Exercise details: What's wanted is a faithful retyping of every entry, pictures excluded.

Supplied material:
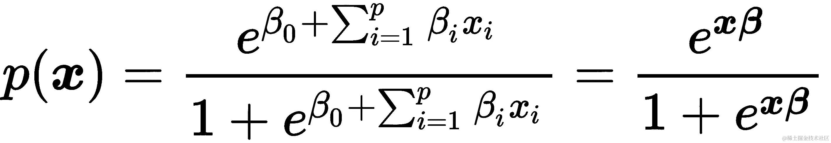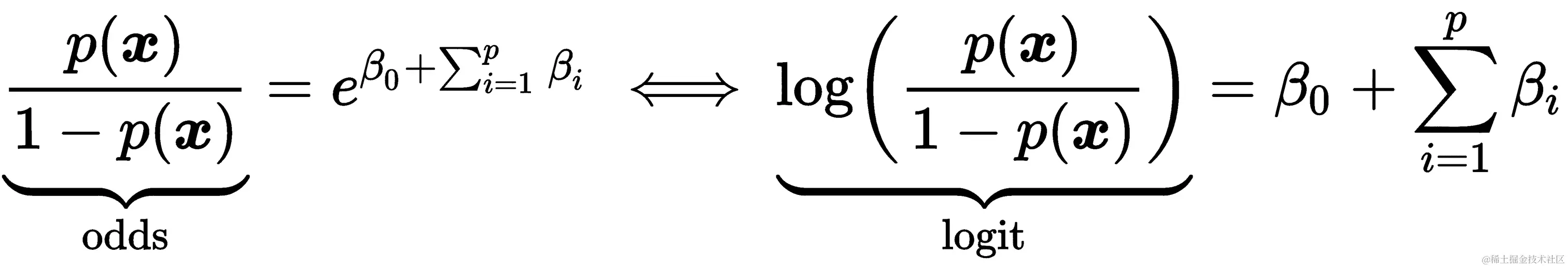 对数几率也称为对数几率(因为它是几率的对数)。因此,逻辑回归表示的对数线性回归 x 看起来与前述的线性回归非常相似。
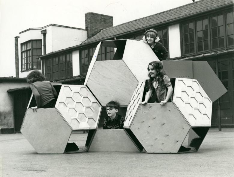 "Tetrakaidecahedral" by Victor J. Papanek, 1973-1975, a movable playground structure, designed with a student, parents, teachers and children. (Photo © University of Applied Arts Vienna, Victor J. Papanek Foundation)
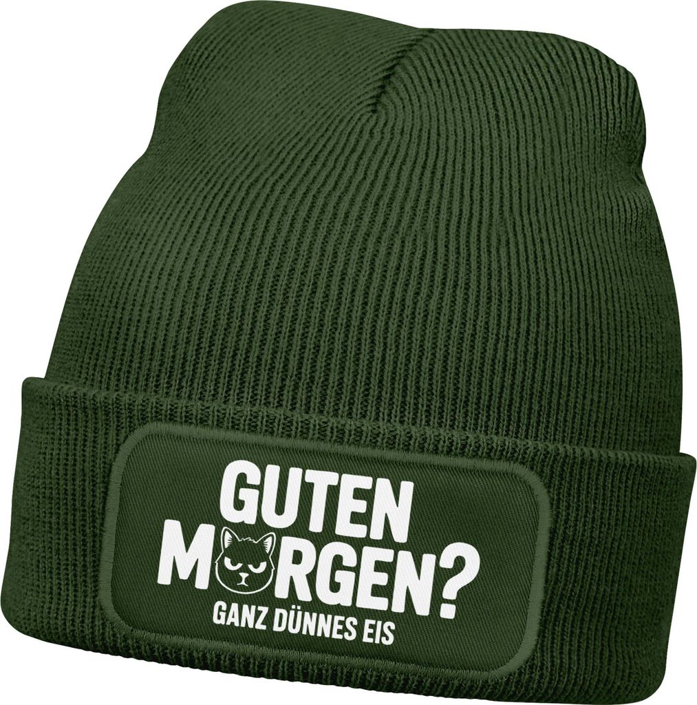 Herren Beanie Spruch Morgenmuffel Katze Ganz dünnes Eis Strickmütze Aufdruck Lustig Mütze Männer Moonworks
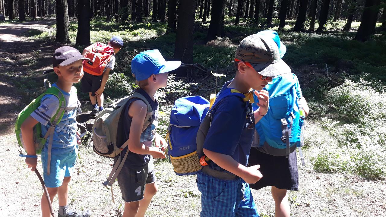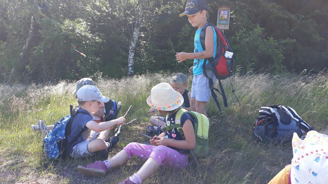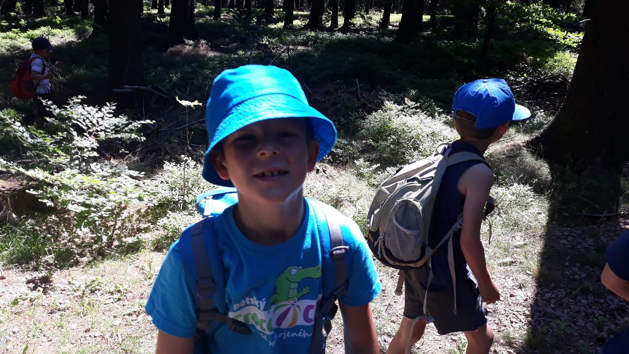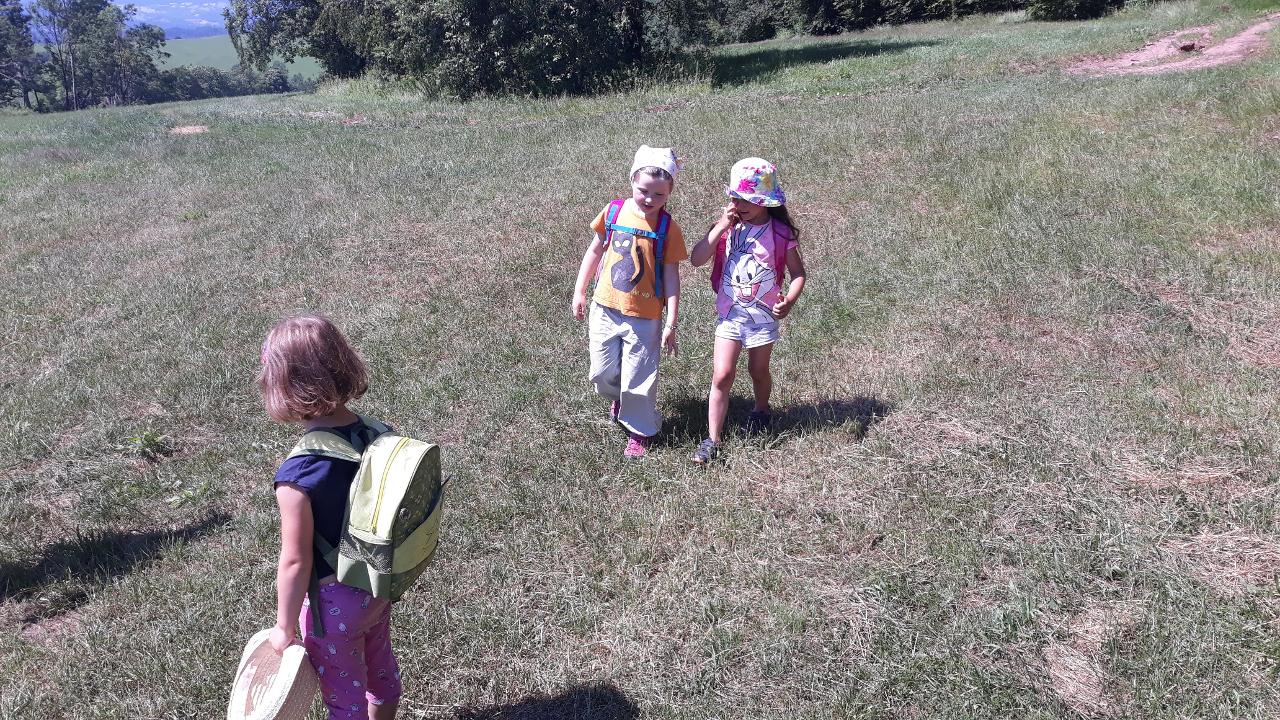 Hned v pondělí jsme s dětmi vyrazili na putování za poznáním. Naší cestou nás provázel příběh o malých indiánech z jedné daleké vesnice, kteří se vydali na cestu na vysokou horu, na cestu za poznáním sebe sama. S dětmi jsme cestou plnili různé úkoly, při kterých se projevila naše zručnost, šikovnost, také vytrvalost a schopnost překonávat překážky. Podívali jsme se do loupežnické jeskyně, sbírali dřevo na oheň, ořezávali si klacky na opékání, pochutnali si na čerstvých borůvkách a objevovali krásy okolní přírody. Všechny děti prokázaly velkou statečnost během celé cesty a také to, že umí táhnout za jeden provaz a navzájem si pomáhat, když je potřeba. Celý týden bylo velmi horké počasí, a tak jsme se také znovu vyrazili zchladit do potoka, naposledy navštívili naše oblíbená místa a společně si zahráli oblíbené hry nebo zpívali písničky, které jsme se společně během roku naučili. Poslední den školky jsme se také rozloučili s našimi předškoláčky.
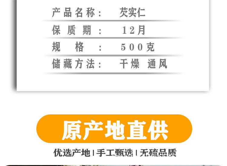 📦 | 500g whole gorgon seeds (packed in bags) | ¥28.8 / ≈ 347 ₽ | 1575 | 5850846041623 | |
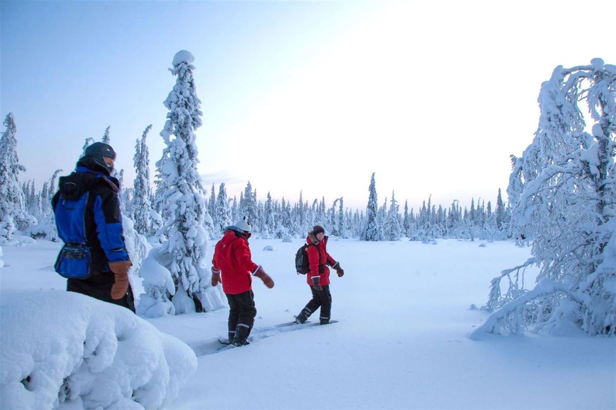 Sie besuchen einen Rentierfarmer und lernen sein Leben und das der Rentiere kennen. Zu guter Letzt bekommen Sie gezeigt wie man das Suopunki (lappisches Lasso) wirft und unternehmen anschließend eine kurze Fahrt mit dem Rentierschlitten. Am Abend geht es auf eine Schneeschuhwanderung im Pallas Nationalpark. Wandern Sie hoch hinauf, genießen Sie die Weite der Fjäll-Landschaften und atmen Sie die reinste Luft der Welt ein.
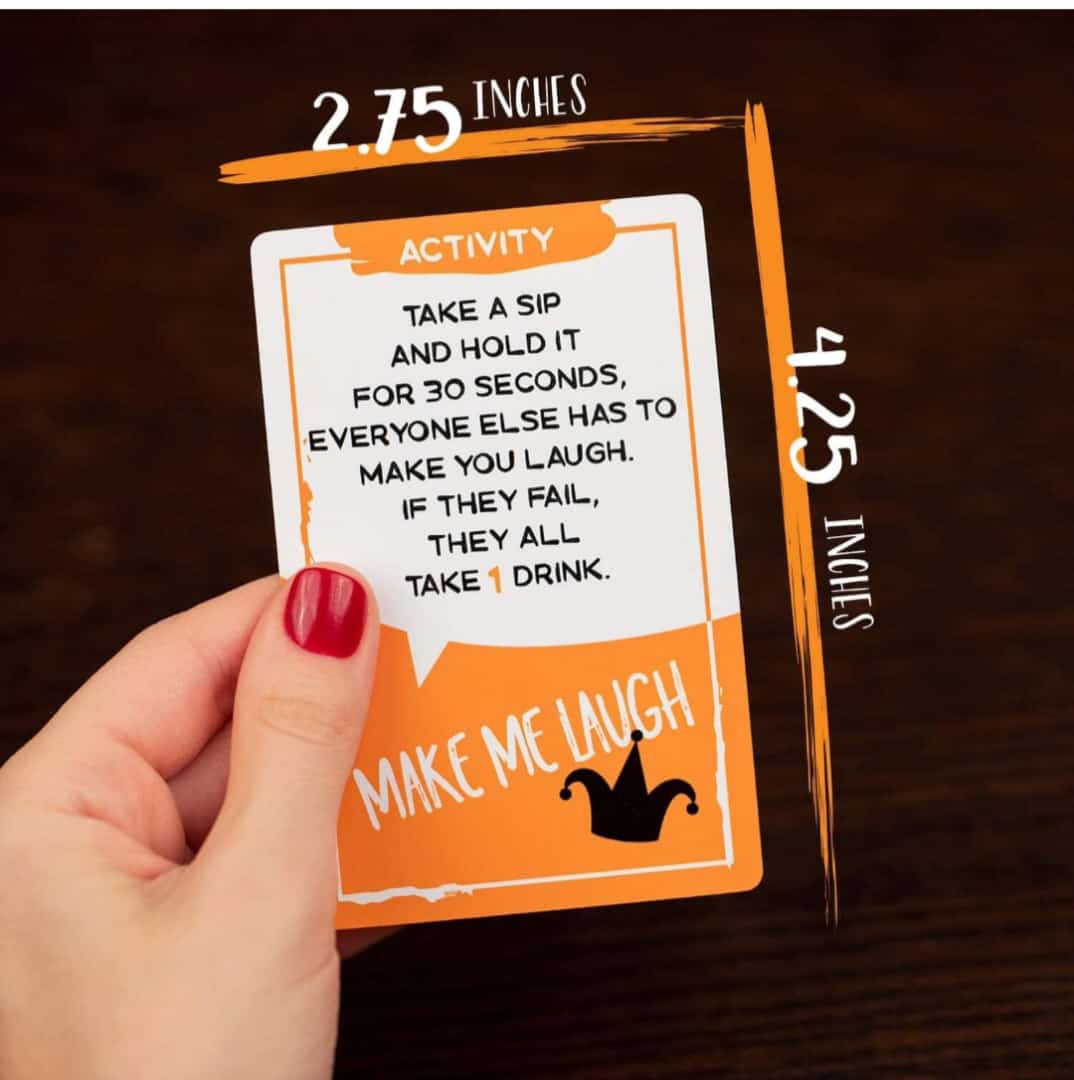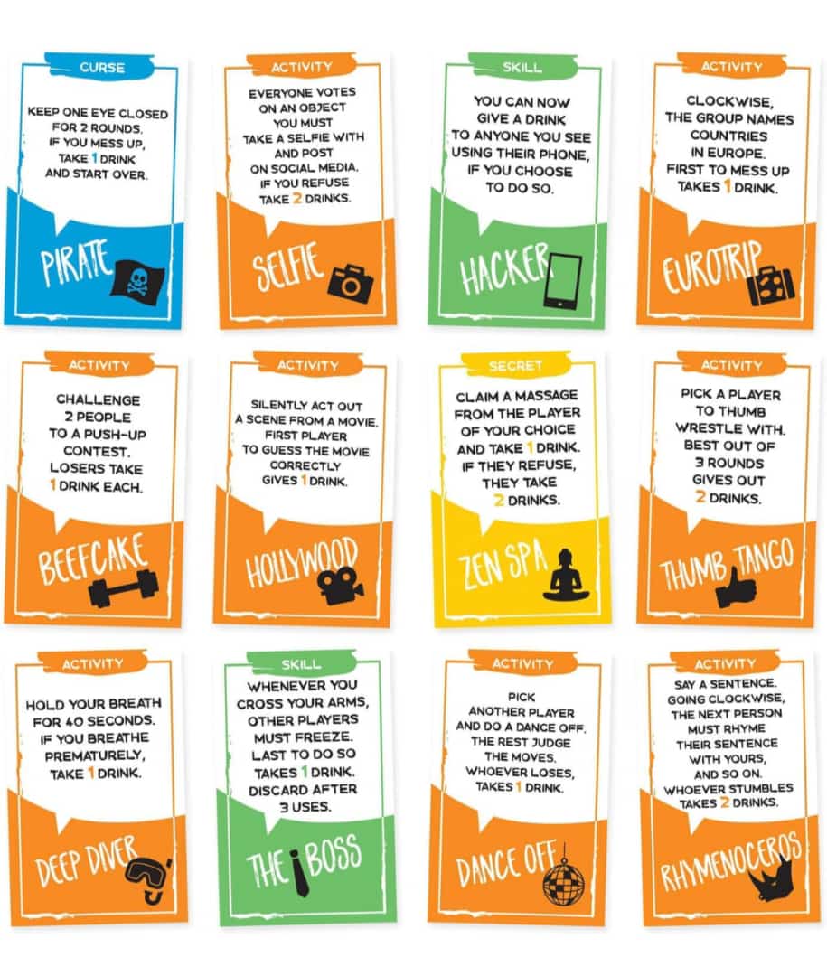 HOW TO WIN: Designed as a drinking game with fun activities this game is best played with … drinks. So staying totally sober would be difficult. Whoever takes the least amount of drinks is declared the winner. Alternatively, drinks can be substituted with points for a totally sober approach.
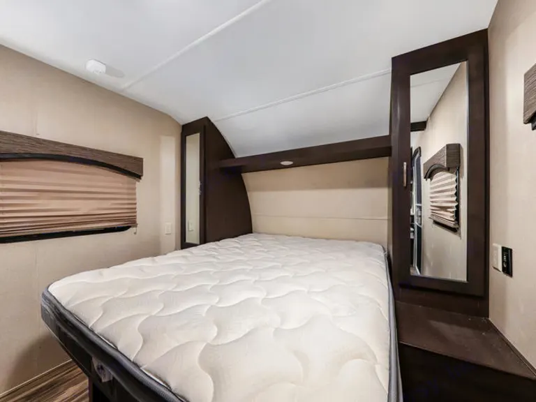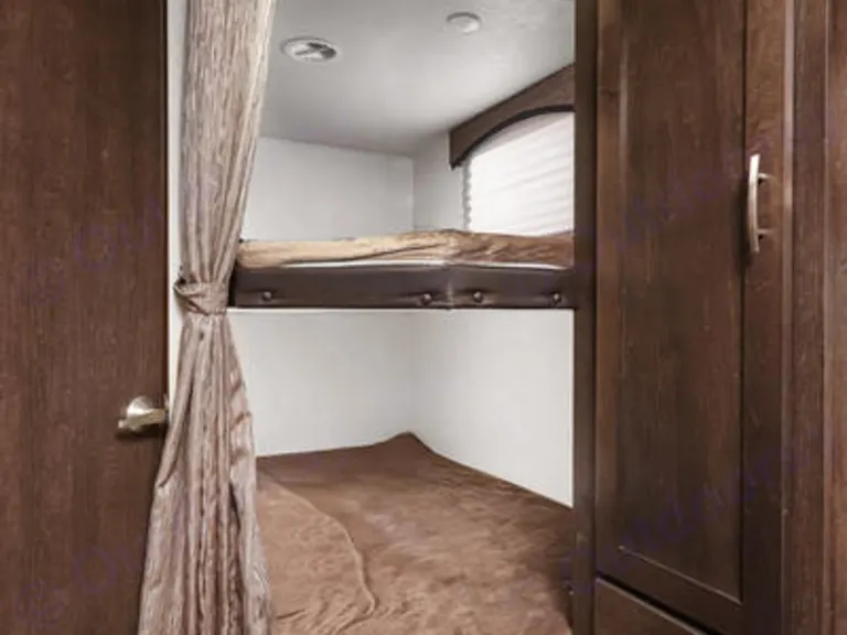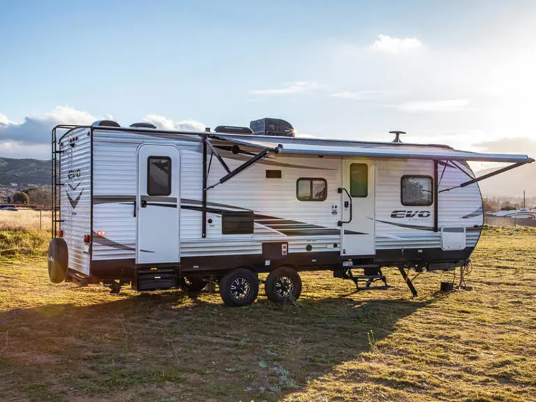 The 2019 EVO T2490 travel trailer offers a spacious floorplan with a fully-equipped kitchen, three bunk beds, a full bath with a small tub, and a main slide-out that extends the U-shaped dinette and sofa sleeper. The entertainment center includes a TV and an electric fireplace. The master bedroom features a walk-around queen bed with storage and wardrobe closets.If you're looking for comfort and plenty of sleeping capacity, this trailer might be perfect for you

Output for this exercise:
 对数几率也称为对数几率(因为它是几率的对数)。因此,逻辑回归表示的对数线性回归 x 看起来与前述的线性回归非常相似。
 "Tetrakaidecahedral" by Victor J. Papanek, 1973-1975, a movable playground structure, designed with a student, parents, teachers and children. (Photo © University of Applied Arts Vienna, Victor J. Papanek Foundation)
 Herren Beanie Spruch Morgenmuffel Katze Ganz dünnes Eis Strickmütze Aufdruck Lustig Mütze Männer Moonworks
 Hned v pondělí jsme s dětmi vyrazili na putování za poznáním. Naší cestou nás provázel příběh o malých indiánech z jedné daleké vesnice, kteří se vydali na cestu na vysokou horu, na cestu za poznáním sebe sama. S dětmi jsme cestou plnili různé úkoly, při kterých se projevila naše zručnost, šikovnost, také vytrvalost a schopnost překonávat překážky. Podívali jsme se do loupežnické jeskyně, sbírali dřevo na oheň, ořezávali si klacky na opékání, pochutnali si na čerstvých borůvkách a objevovali krásy okolní přírody. Všechny děti prokázaly velkou statečnost během celé cesty a také to, že umí táhnout za jeden provaz a navzájem si pomáhat, když je potřeba. Celý týden bylo velmi horké počasí, a tak jsme se také znovu vyrazili zchladit do potoka, naposledy navštívili naše oblíbená místa a společně si zahráli oblíbené hry nebo zpívali písničky, které jsme se společně během roku naučili. Poslední den školky jsme se také rozloučili s našimi předškoláčky.
 📦 | 500g whole gorgon seeds (packed in bags) | ¥28.8 / ≈ 347 ₽ | 1575 | 5850846041623 | |
 Sie besuchen einen Rentierfarmer und lernen sein Leben und das der Rentiere kennen. Zu guter Letzt bekommen Sie gezeigt wie man das Suopunki (lappisches Lasso) wirft und unternehmen anschließend eine kurze Fahrt mit dem Rentierschlitten. Am Abend geht es auf eine Schneeschuhwanderung im Pallas Nationalpark. Wandern Sie hoch hinauf, genießen Sie die Weite der Fjäll-Landschaften und atmen Sie die reinste Luft der Welt ein.
 HOW TO WIN: Designed as a drinking game with fun activities this game is best played with … drinks. So staying totally sober would be difficult. Whoever takes the least amount of drinks is declared the winner. Alternatively, drinks can be substituted with points for a totally sober approach.
 The 2019 EVO T2490 travel trailer offers a spacious floorplan with a fully-equipped kitchen, three bunk beds, a full bath with a small tub, and a main slide-out that extends the U-shaped dinette and sofa sleeper. The entertainment center includes a TV and an electric fireplace. The master bedroom features a walk-around queen bed with storage and wardrobe closets.If you're looking for comfort and plenty of sleeping capacity, this trailer might be perfect for you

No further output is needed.